Researchers propose a new approach for dismantling online hate networks

How do you get rid of hate speech on social platforms? Until now, companies have generally tried two approaches. One is to ban individual users who are caught posting abuse; the other is to ban the large pages and groups where people who practice hate speech organize and promote their noxious views.

But what if this approach is counterproductive? That's the argument in an intriguing new paper out today in Nature from Neil Johnson, a professor of physics at George Washington University, and researchers at GW and the University of Miami. The paper, "Hidden resilience and adaptive dynamics of the global online hate ecology," explores how hate groups organize on Facebook and Russian social network VKontakte — and how they resurrect themselves after platforms ban them.

As Noemi Derzsy writes in her summary in Nature:

Johnson et al. show that online hate groups are organized in highly resilient clusters.
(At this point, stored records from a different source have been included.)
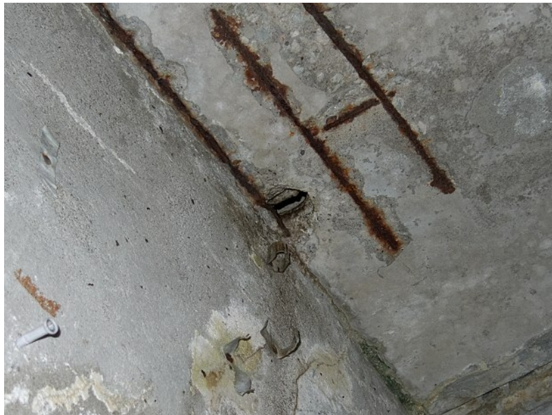
Foto 4. Üks veelendlase koloonia varjupaiga avadest.

oli pioneerilaager. Öiste vaatluste ajal oli nahkhiirekoloonia varjupaiga ees olev õu prožektoriga valgustatud, mis selgelt häiris nahkhiiri: nahkhiired vältisid lendamist valgustatud õue kohal. Varjupaika naastes lendasid nad kiirelt üle õue hoone taha, kus oli pimedam, tiirutasid seal mõnda aega ja lendasid seejärel võimalikult varjatud teed kasutades poolavatud rõdu kohale või alla tiirutama (vt foto 2). Nii rõdu kui ka selle all asuv poolavatud ruum olid vaatluste ajal prožektoriga otsese valguse eest varjatud. Mõnikord laskusid veelendlased puhkama seinale hoone poolavatud rõdu all (foto 1). Sisepääsuavad koloonia varjupaika (vähemalt 2 tk, üks neist on näha fotol 4) asusid rõdu kohal laepaneelides. Poegimiskoloonia varjupaik asub ilmselt betoonist laepaneelide vahel või paneelide sees olevates tühemikes. Laepaneele soojendab generaatoriruumist üles tõusev soe õhk. Nahkhiirte poegimiskoloonia asukoht betoonist või kivist hoones on Eesti tingimustes haruldane meie jaheda kliima tõttu, mis muudab sellised ehitised nahkhiirte poegimiskolooniate jaoks liiga jahedaks. Tõenäoliselt oleksid temperatuuritingimused veelendlase poegimiskolooniale ebasoodsad, kui elektriyaam seisaks, sest sel juhul generaatoritest soojust ei eralduks.
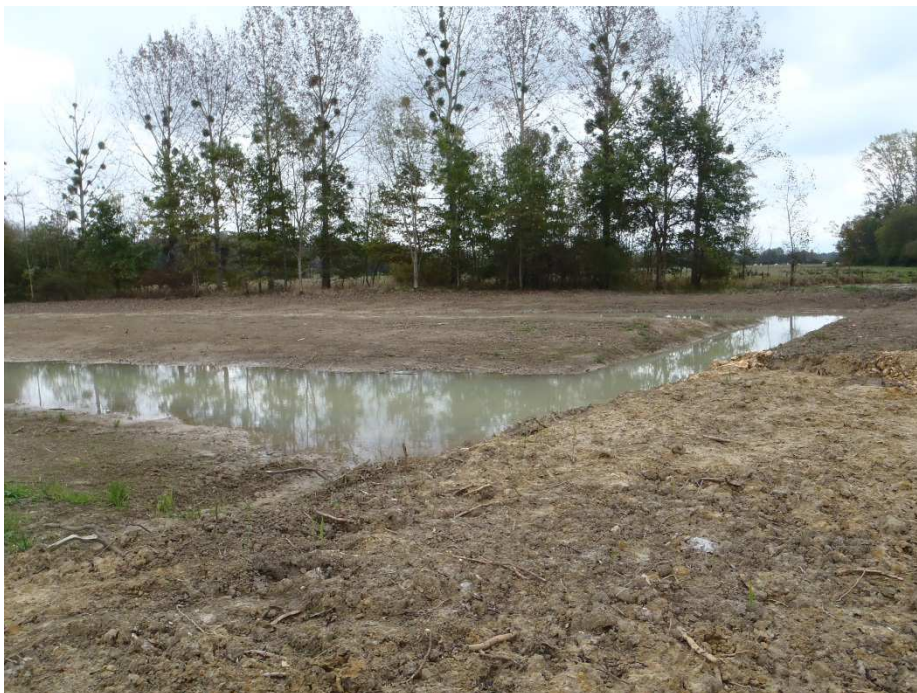
Photographie 6 : zone humide de la Culée après travaux : bassin aval et chenal de connexion entre les deux bassins
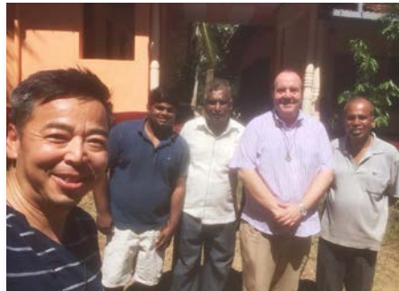
Sri Lanka : 'Marist Sevana' Maison de spiritualité mariste
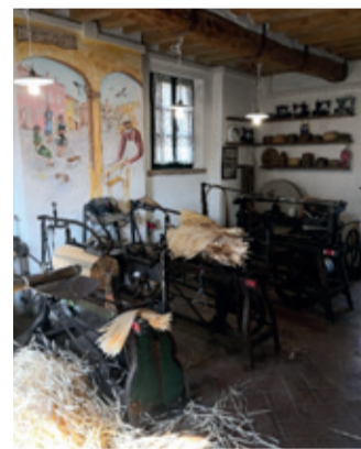
Museo del Truciolo

L a tradizione ci sta a cuore! Non è una frase fatta, ma un impegno concreto. Crediamo che sperimentare "le cose di una volta" sia un valore da coltivare e da non relegare tra ricordi nostalgici. Noi del Museo del Truciolo lo dimostriamo con la nostra attività gratuita rivolta a scuole e a gruppi, con l'apertura domenicale per insegnare a far la treccia e non solo. Quest'anno qualcosa bolle in pentola! Vorremmo coinvolgere insieme genitori e figli, nonni e nipoti, dando l'opportunità di conoscere i giochi di una volta .
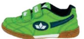
HALLENTURNER KINDER UND JUGEND von Gr. 31 – 40
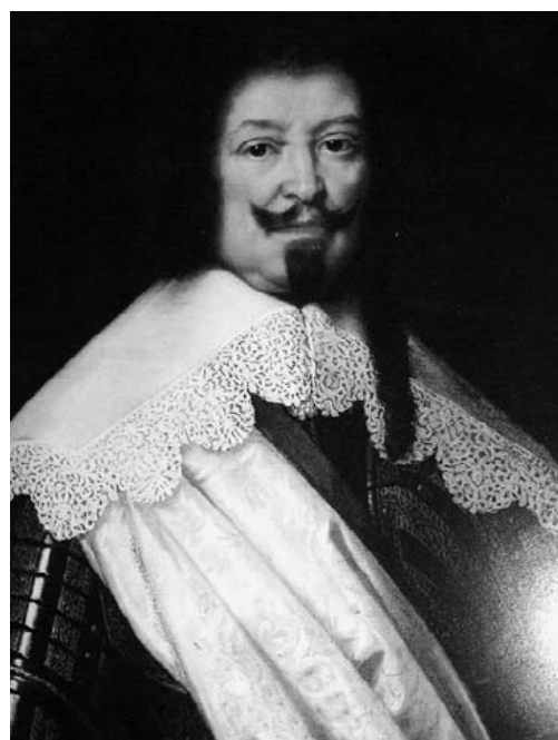
Anonimo del XVII sec. Ritratto di Carlo di Lorena Olio su tela, cm 70 x 50 Trafugato il 18/12/2009 da laboratorio di restauro di Roma.
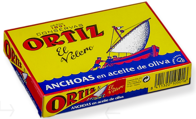
ref. 3425 ANXOVA AMB OLI OLIVA ORTIZ RR-85 x 24u.
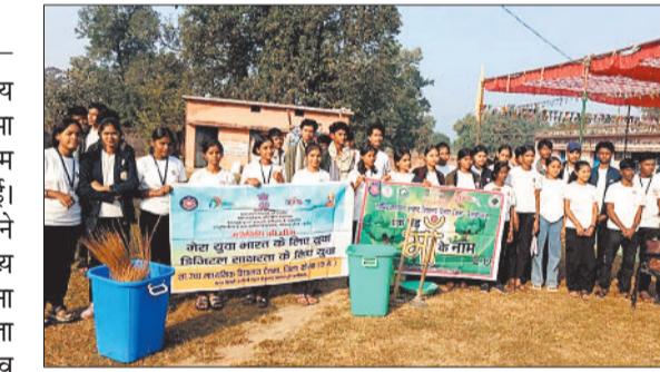
कार्यक्रम में उपस्थित छात्र छात्राएं।
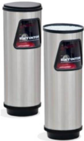
4010 / 4012
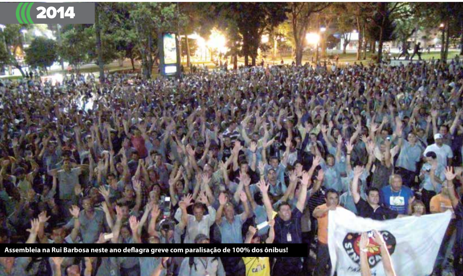
Assembleia na Rui Barbosa neste ano deflagra greve com paralisação de 100% dos ônibus!
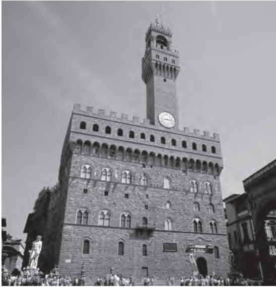
شكل ١-١: قصر فيكيو بفلورنسا، حيث عمل مكيافيلي في الهيئة الاستشارية الدبلوماسية الثانية من عام ١٤٩٨ إلى عام ١٥١٢.

طبيعة الحياة العامة في إيطاليا. تميّز الإنسانون في المقام الأول بالتزامهم بنظرية خاصة تتمحور حول المكونات الصحيحة للتعليم «الإنساني الحقيقي». كانوا يطلبون من طلابهم أن يبدؤوا بإجادة اللغة اللاتينية، ثم ينتقلوا إلى ممارسة الخطابة ومحاكاة أرفع الكُتّاب الكلاسيكيين شأنًا، ثم يكملوا دراساتهم بقراءة وافية للتاريخ القديم والفلسفة الأخلاقية. وقد أشاعوا أيضًا الاعتقاد الراسخ بأن هذا النوع من التدريب يشكّل أفضل تأهيل للحياة السياسية. كما دأب شيشرون على التأكيد مرارًا على أن هذه التخصصات تعزّز القيم التي نحتاج إلى اكتسابها في المقام الأول من أجل أن نخدم بلادنا جيدًا، والتي تتمثل في الاستعداد لإعلاء الصالح العام على مصالحنا الخاصة، والرغبة في محاربة الفساد والاستبداد، والتطلّع لبلوغ أنبل هدفين على الإطلاق؛ الشرف والمجد لبلادنا ولأنفسنا أيضًا.

The users in these clusters are not geographically localized, but are globally interconnected by 'highways' that facilitate the spread of online hate across different countries, continents and languages. When these clusters are attacked — for example, when hate groups are removed by social-media platform administrators (Fig. 1) — the clusters rapidly rewire and repair themselves, and strong bonds are made between clusters, formed by users shared between them, analogous to covalent chemical bonds. In some cases, two or more small clusters can even merge to form a large cluster, in a process the authors liken to the fusion of two atomic nuclei. Using their mathematical model, the authors demonstrated that banning hate content on a single platform aggravates online hate ecosystems and promotes the creation of clusters that are not detectable by platform policing (which the authors call 'dark pools'), where hate content can thrive unchecked.

[...] The researchers advocate a four-step approach to reduce the influence of hate networks.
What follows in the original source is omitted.